35. The method of claim 31, wherein the filamentous fungal host cell is a a Fusarium bactridioides, Fusarium cerealis, Fusarium crookwellense, Fusarium culmorum, Fusarium graminearum, Fusarium graminum, Fusarium heterosporum, Fusarium negundi, Fusarium oxysporum, Fusarium reticulatum, Fusarium roseum, Fusarium sambucinum, Fusarium sarcochroum, Fusarium sporotrichioides, Fusarium sulphureum, Fusarium torulosum, Fusarium trichothecioides or Fusarium venenatum cell.

36. The method of claim 31, wherein the secreted polypeptide of interest is an enzyme.

37. The method of claim 31, wherein the native putative steroid dehydrogenase is encoded by a gene comprising or consisting of a nucleotide sequence at least 60% identical to the genomic DNA sequence shown in SEQ ID NO:1, SEQ ID NO:4, SEQ ID NO:7 and/or SEQ ID NO:10.

38. The method of claim 31, wherein the native putative steroid dehydrogenase is encoded by a gene comprising or consisting of nucleotide sequence at least 60% identical to the cDNA sequence shown in SEQ ID NO:2, SEQ ID NO:5, SEQ ID NO:8 and/or SEQ ID NO:11.
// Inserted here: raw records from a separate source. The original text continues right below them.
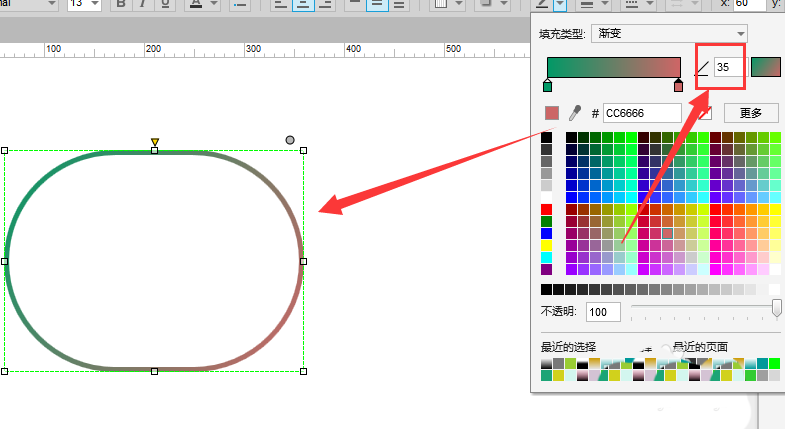 5、选择渐变颜色,右侧角度栏可以调整渐变的角度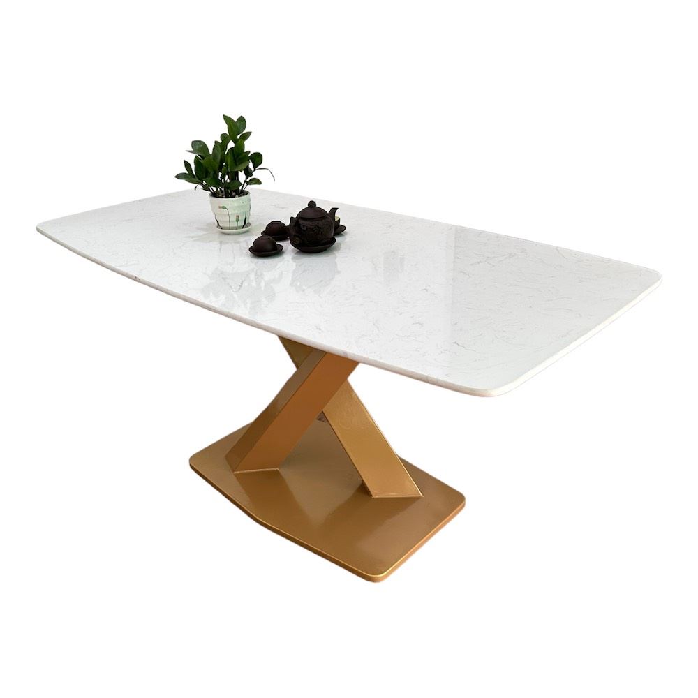 Bàn ăn sang trọng mặt đá trắng chân sắt kiểu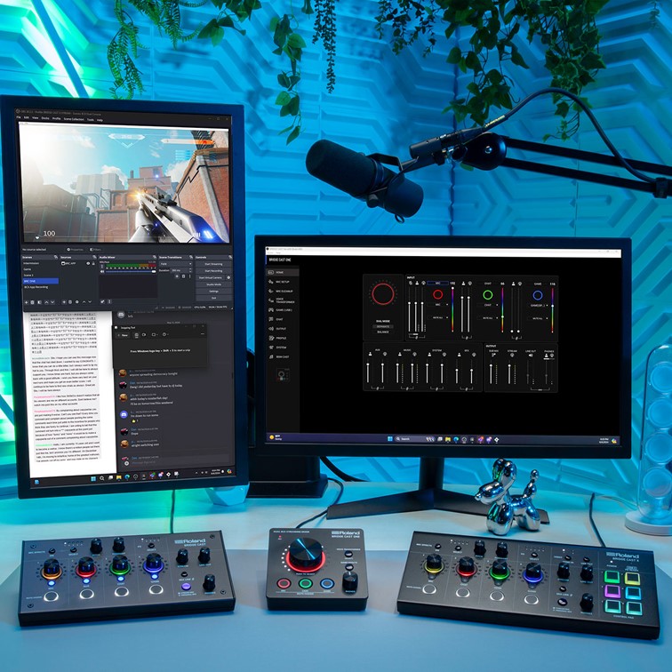 Level up your gaming and streaming sound with BRIDGE CAST ONE, a compact livestreaming audio mixer with hands-on controls. Gain a competitive advantage with powerful features like dual bus mixes, vocal transformer effects, fast-access presets, and support for a broadcast-grade mic and headphones. For even more control, the companion BRIDGE CAST app offers extended audio tools and royalty-free background music and sound effects through BGM CAST on Roland Cloud.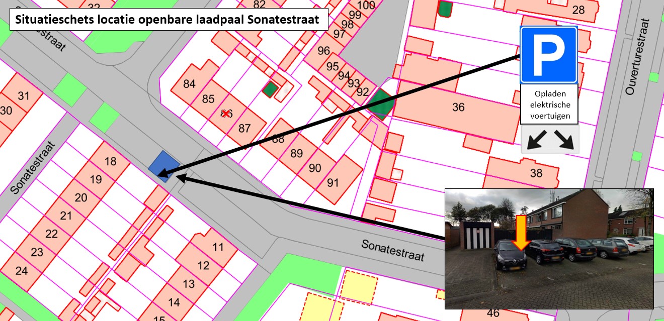 - Door het plaatsen van verkeersbord E4 met onderbord ‘Opladen elektrische voertuigen’ en onderbord OB504 (schuine pijl links en/of rechts) volgens bijlage 1 van het RVV 1990 twee parkeerplaatsen aan te wijzen op de Sonatestraat, direct ten noorden van het perceel Sonatestraat 18, die het opladen van elektrische voertuigen als specifiek doel hebben.

39. The method of claim 31, wherein the native putative steroid dehydrogenase is modified, truncated, partly or fully inactivated, present at reduced levels or eliminated compared to a non-mutated parent cell by non-sense or frameshift mutation of the encoding gene, by partial or complete deletion of the encoding gene or by silencing of the encoding gene.

40. A method of producing a secreted polypeptide of interest, said method comprising the steps of:

a) cultivating a mutated filamentous fungal host cell according to claim 22 under conditions conducive to the production of the secreted polypeptide; and, optionally,

b) recovering the secreted polypeptide of interest.